The trees were crawling with men. Morgan’s men. There was no question this time who was winning, who was after us.
“There,” I said, disturbed by the distant quality of my own voice.
She followed my direction, heading toward a grove of fir trees. The snap and shuffle of the forest floor behind us made it clear there were not just trained men after us. They could make a mistake. They could fire on Emily to stop me. They could take out the chosen.
“Aern!” Emily screamed as I fell behind her. We’d been running, and I realized belatedly that I’d not loosened my grip on her when I’d gone down, that I’d taken her with me. “What is wrong with you?” she gasped. She rolled me to my side, her hands frantically hovering over me, searching for a gunshot wound.
I could feel the blood soaking my leg, but she didn’t pause there, instead staring open-mouthed at the thin sliver of metal protruding from the front curve of my shoulder. I forced my gaze to follow hers, but my neck didn’t seem to be connected properly.
Emily clenched her teeth and winced as she wrenched the metal from deep within the muscle. When she held it in front of my face, I could see the small feathered tip of a poisonous dart. By the time my brain processed what was happening, my body had begun clearing the toxins from my system. But it wasn’t fast enough.
Emily flinched as another shot landed too close beside us.
“Go,” I said. “There’s a hatch beneath the trees. Hide there. Run.”
“What?” she hissed. “Aern—”
“Go, Emily. They don’t know.” The feeling returned to my arms then, though my fingers still tingled, and I pressed myself up. They were closing in, taking their time. They thought they had us pinned down. Thought we had no place to go.
“They’re shooting at you,” she said.
“I know.” I worked my neck, testing my recovery. “Me. Not you.”
She understood, but she couldn’t seem to leave, despite the soldiers amassing in the forest around us.
I stood then, pulling her up to stand close before me. A strange, burning numbness prickled my legs. I still couldn’t feel the gunshot wound in my thigh. “I’ll run with you to the third maple tree.” She listened to my instructions, her eyes never straying from mine, never allowing anyone watching to guess the route I was laying out. “… there is a built-in keypad on the wall, the others will find you by morning…”
She let me finish before she spoke again, barely above a whisper. “But—”
I stopped her and she swallowed hard. She thought I was sacrificing myself for her, she thought they would gun me down the moment they had a clear shot, that I would die on the forest floor beneath us.
“They won’t do it, Emily. Morgan has given them orders. I’m to be captured.”
It wasn’t a lie. They wouldn’t kill me here. They would take me in, because he would want the honor.
She stared up at me, not entirely convinced.
“I swear to you, Emily, I will not die here.”

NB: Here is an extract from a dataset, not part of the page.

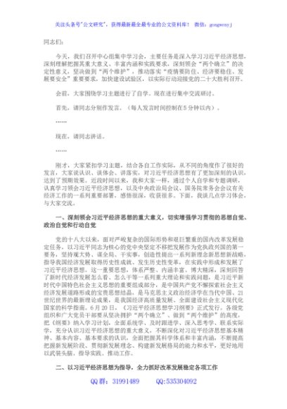 / 党委书记在2022年中心组经济思想学习会上的主持讲话

I pushed down the guilt at misleading her. She had to stay safe. She was the chosen. She had to live.
“Put your hands over your heads,” a voice called from the other side of a clearing. “Turn slowly toward the sound of my voice.”
Emily’s eyes glistened, but she never looked away from me.

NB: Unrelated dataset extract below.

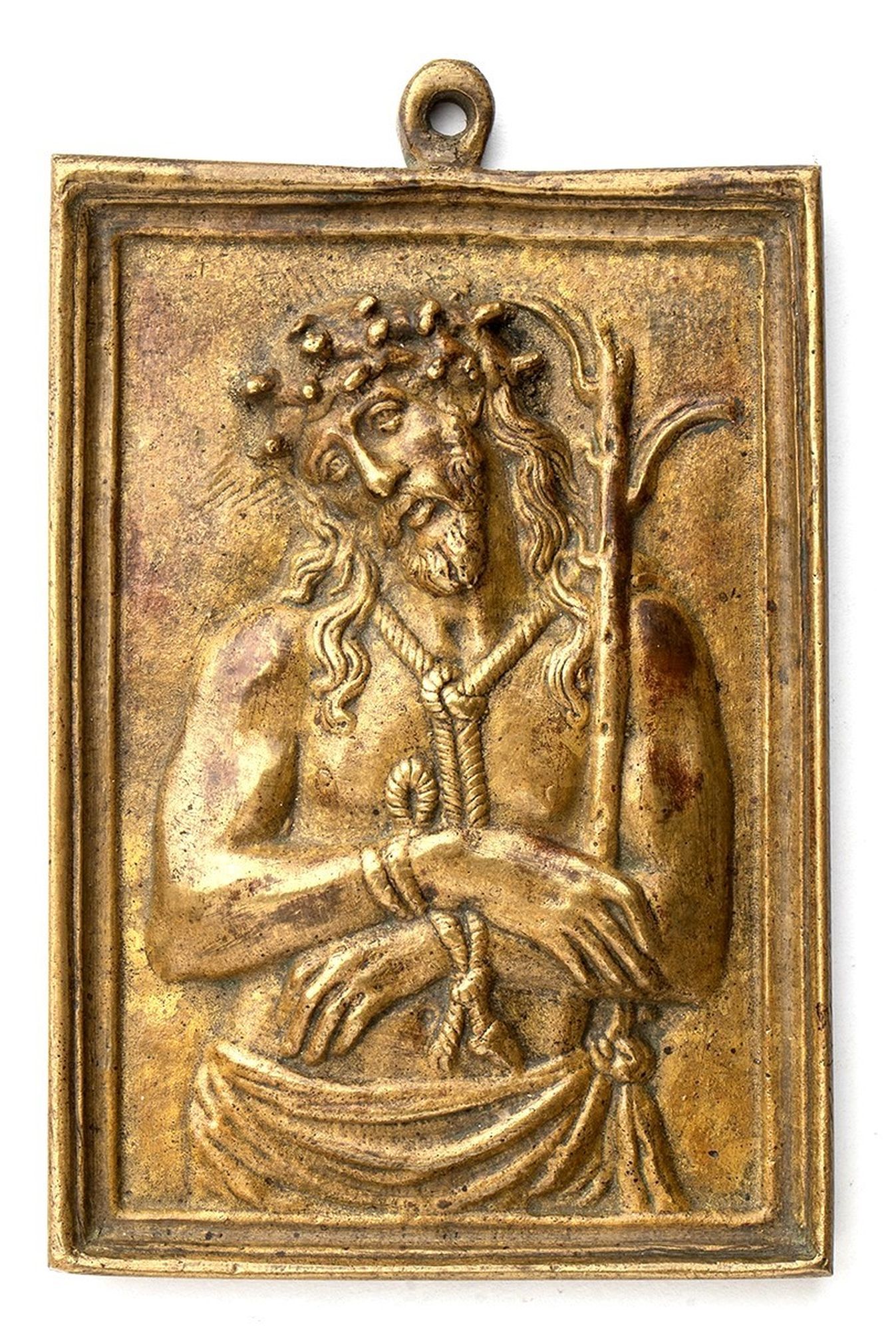 Placchetta in bronzo dorato; anello di sospensione;

A wave of dizziness made my head spin. I had to convince her, she had to go. “You first,” I said. “I’ll be right behind you until the third maple. It’s the only way, Emily. The only way.”
I’d used Brianna’s words, and it seemed to strengthen her resolve, or at least remind her of the importance of staying alive. Remind her of the prophecy. After a long moment, her expression changed, and she gave the slightest nod.
The frontline moved closer. We stared into one another’s eyes, strengthening our courage.
“Okay,” she breathed. “Okay.”
The pain in her words did something to me, and I was suddenly reaching for her. My hands braced her there as I pressed my forehead to hers and held her. Just long enough for a silent promise. I would come back to her.
to come back to her.
It hadn’t been my intention to actually get shot. I’d planned to distract the gunmen, to give Emily a chance to make it to safety, then to fall as soon as she’d cleared the outer branches of the copse of fir trees and let them think they had me. But Morgan’s order must have been a little looser than I’d estimated, because as soon as we’d started to run, they opened fire.